On Wed, 21 May 2008, Jeff Squyres wrote:
>> I'm only concerned about the case where there's an IB card, the user
>> expects the IB card to be used, and the IB card isn't used.
> Can you put in a site wide
> btl = ^tcp
> to avoid the problem? If the IB card fails, then you'll get
> unreachable MPI errors.
And how many users are going to figure that one out before complaining
loudly? That's what LANL did (probably still does) and it worked great
there, but that doesn't mean that others will figure that out (after all,
not everyone has an OMPI developer on staff...).
>> If the
>> changes don't silence a warning in that situation, I'm fine with
>> you do. But does ibv_get_device_list return an HCA when the port is
>> (because the SM failed and the machine rebooted since that time)?
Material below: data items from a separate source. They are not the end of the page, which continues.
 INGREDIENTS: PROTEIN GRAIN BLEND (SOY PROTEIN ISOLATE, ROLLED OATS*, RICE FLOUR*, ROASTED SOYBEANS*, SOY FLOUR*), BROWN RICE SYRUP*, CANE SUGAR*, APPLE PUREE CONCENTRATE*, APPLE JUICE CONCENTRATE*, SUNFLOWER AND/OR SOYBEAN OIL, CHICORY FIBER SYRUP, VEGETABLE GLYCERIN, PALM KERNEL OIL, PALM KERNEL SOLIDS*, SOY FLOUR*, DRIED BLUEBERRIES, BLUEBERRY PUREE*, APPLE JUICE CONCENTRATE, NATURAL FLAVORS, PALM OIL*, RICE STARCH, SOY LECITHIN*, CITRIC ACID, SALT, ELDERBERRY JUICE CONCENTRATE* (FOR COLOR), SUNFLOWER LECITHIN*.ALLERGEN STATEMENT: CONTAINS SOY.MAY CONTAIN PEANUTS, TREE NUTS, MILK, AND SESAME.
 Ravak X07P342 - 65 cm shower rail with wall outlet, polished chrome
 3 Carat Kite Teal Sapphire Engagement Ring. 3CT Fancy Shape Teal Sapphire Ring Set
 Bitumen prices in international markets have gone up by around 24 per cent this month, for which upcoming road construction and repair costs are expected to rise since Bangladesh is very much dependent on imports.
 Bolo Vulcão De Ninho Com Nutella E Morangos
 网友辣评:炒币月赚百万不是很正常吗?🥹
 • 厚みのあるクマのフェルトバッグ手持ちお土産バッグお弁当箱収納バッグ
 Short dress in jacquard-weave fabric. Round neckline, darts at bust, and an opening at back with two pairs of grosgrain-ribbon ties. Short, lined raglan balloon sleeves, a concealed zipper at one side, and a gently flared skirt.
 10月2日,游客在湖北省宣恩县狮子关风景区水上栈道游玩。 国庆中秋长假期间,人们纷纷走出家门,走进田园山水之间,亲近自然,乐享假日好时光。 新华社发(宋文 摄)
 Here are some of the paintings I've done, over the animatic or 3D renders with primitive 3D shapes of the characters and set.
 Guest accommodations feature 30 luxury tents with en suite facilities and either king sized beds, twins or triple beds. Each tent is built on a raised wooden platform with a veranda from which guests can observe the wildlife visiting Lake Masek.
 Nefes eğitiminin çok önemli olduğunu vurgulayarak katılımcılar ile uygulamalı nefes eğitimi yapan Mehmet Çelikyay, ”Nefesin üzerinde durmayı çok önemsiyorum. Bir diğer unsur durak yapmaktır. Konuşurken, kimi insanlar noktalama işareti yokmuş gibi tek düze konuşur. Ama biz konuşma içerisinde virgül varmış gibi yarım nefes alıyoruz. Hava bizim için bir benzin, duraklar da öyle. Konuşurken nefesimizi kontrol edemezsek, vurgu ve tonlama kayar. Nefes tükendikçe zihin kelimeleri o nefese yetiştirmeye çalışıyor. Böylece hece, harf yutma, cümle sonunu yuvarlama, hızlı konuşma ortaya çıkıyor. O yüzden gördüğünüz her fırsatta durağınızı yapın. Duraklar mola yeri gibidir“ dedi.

If this is true (for some reason I thought it wasn't), then I think we'd
actually be ok with your proposal, but you're right, you'd need something
new in the IB btl. I'm not concerned about the dual rail issue -- if
you're smart enough to configure dual rail IB, you're smart enough to
figure out OMPI mca params. I'm not sure the same is true for a simple
delivered from the white box vendor IB setup that barely works on a good
day (and unfortunately, there seems to be evidence that these exist).